With the quantity of data being output by bench.py now, filtering ASAP while parsing CSV files is a valuable optimization. And thanks to how CSV files are structured, we can even avoid ever loading the full contents into RAM. This does end up with use filtering for defines redundantly in a few places, but this is well worth the saved overhead from early filtering.
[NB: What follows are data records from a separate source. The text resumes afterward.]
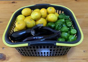 ウエルネススタジオの仲間が、採りたてお野菜と早生のみかんを、こんなにたくさん持ってきてくださいました😃
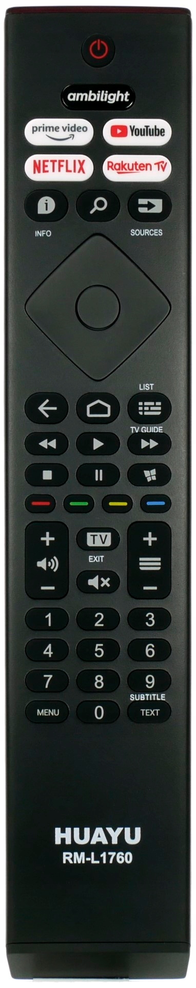 Пілот, який ми пропонуємо,-це замінний пульт дистанційного керування . Він характеризується високою якістю. Завдяки своєму будівництву, матеріалу та функціональності він відповідає всім стандартам, специфічними для заміни продуктів. Має мультимедійні клавіші youtube , netflix , prime video , rakuten tv та можливість приєднати підсвічування Philips LED AmmiLight . Акумулятори та пілот готові працювати.
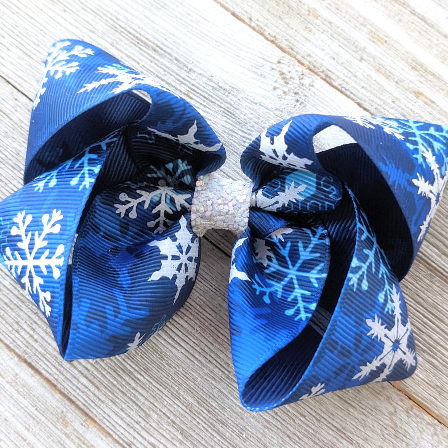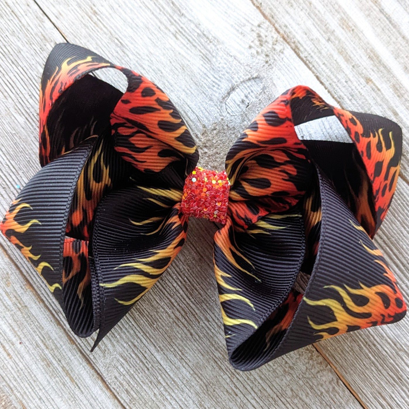 Heat Miser Snow Miser Christmas 4" Hair Bow, Fire, Snow
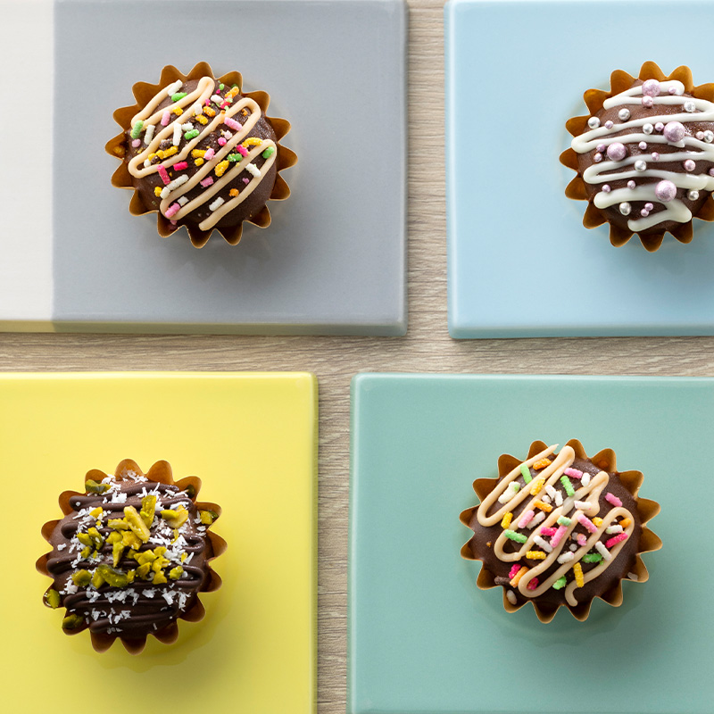 ホイップした生クリームを冷やし固めてチョコソースで包むことで、とろっとした食感に仕上がります。
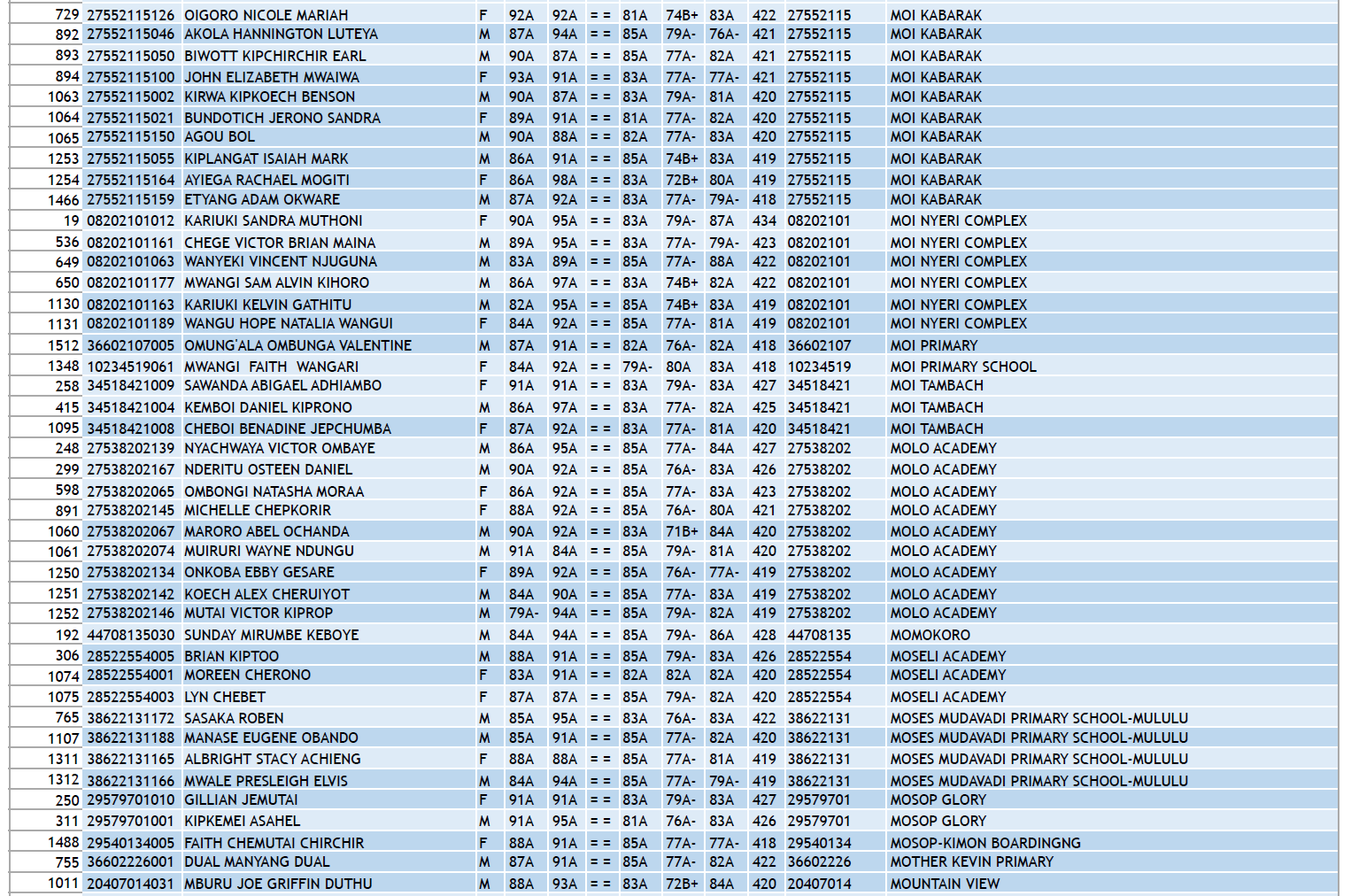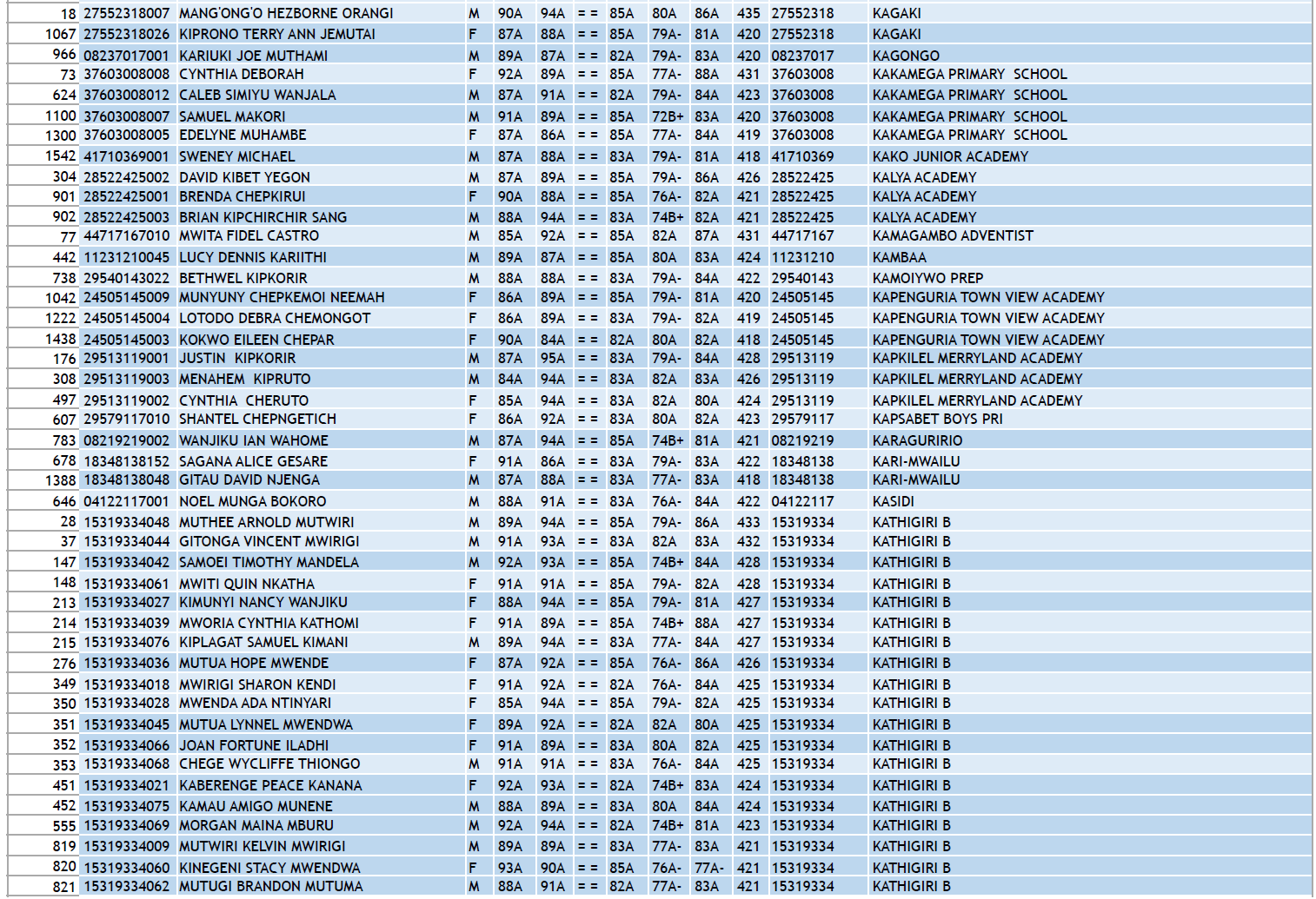 2022 KCPE Top 1000+ Candidates and Schools

Also tried to clean up the plot.py/plotmpl.py's data folding path, though that may have been wasted effort.
2025-12-07 16:12:47 +00:00 · 2023-11-03 14:30:22 -05:00
parent fb9277feac
commit 616b4e1c9e
10 changed files with 274 additions and 212 deletions
--- a/scripts/code.py
+++ b/scripts/code.py
@@ -317,18 +317,18 @@ def collect(obj_paths, *,

 def fold(Result, results, *,
        by=None,
-        defines=None,
+        defines=[],
        **_):
    if by is None:
        by = Result._by

-    for k in it.chain(by or [], (k for k, _ in defines or [])):
+    for k in it.chain(by or [], (k for k, _ in defines)):
        if k not in Result._by and k not in Result._fields:
            print("error: could not find field %r?" % k)
            sys.exit(-1)

    # filter by matching defines
-    if defines is not None:
+    if defines:
        results_ = []
        for r in results:
            if all(getattr(r, k) in vs for k, vs in defines):
@@ -524,7 +524,7 @@ def table(Result, results, diff_results=None, *,
 def main(obj_paths, *,
        by=None,
        fields=None,
-        defines=None,
+        defines=[],
        sort=None,
        **args):
    # find sizes
@@ -535,6 +535,10 @@ def main(obj_paths, *,
        with openio(args['use']) as f:
            reader = csv.DictReader(f, restval='')
            for r in reader:
+                # filter by matching defines
+                if not all(k in r and r[k] in vs for k, vs in defines):
+                    continue
+
                if not any('code_'+k in r and r['code_'+k].strip()
                        for k in CodeResult._fields):
                    continue
@@ -582,6 +586,10 @@ def main(obj_paths, *,
            with openio(args['diff']) as f:
                reader = csv.DictReader(f, restval='')
                for r in reader:
+                    # filter by matching defines
+                    if not all(k in r and r[k] in vs for k, vs in defines):
+                        continue
+
                    if not any('code_'+k in r and r['code_'+k].strip()
                            for k in CodeResult._fields):
                        continue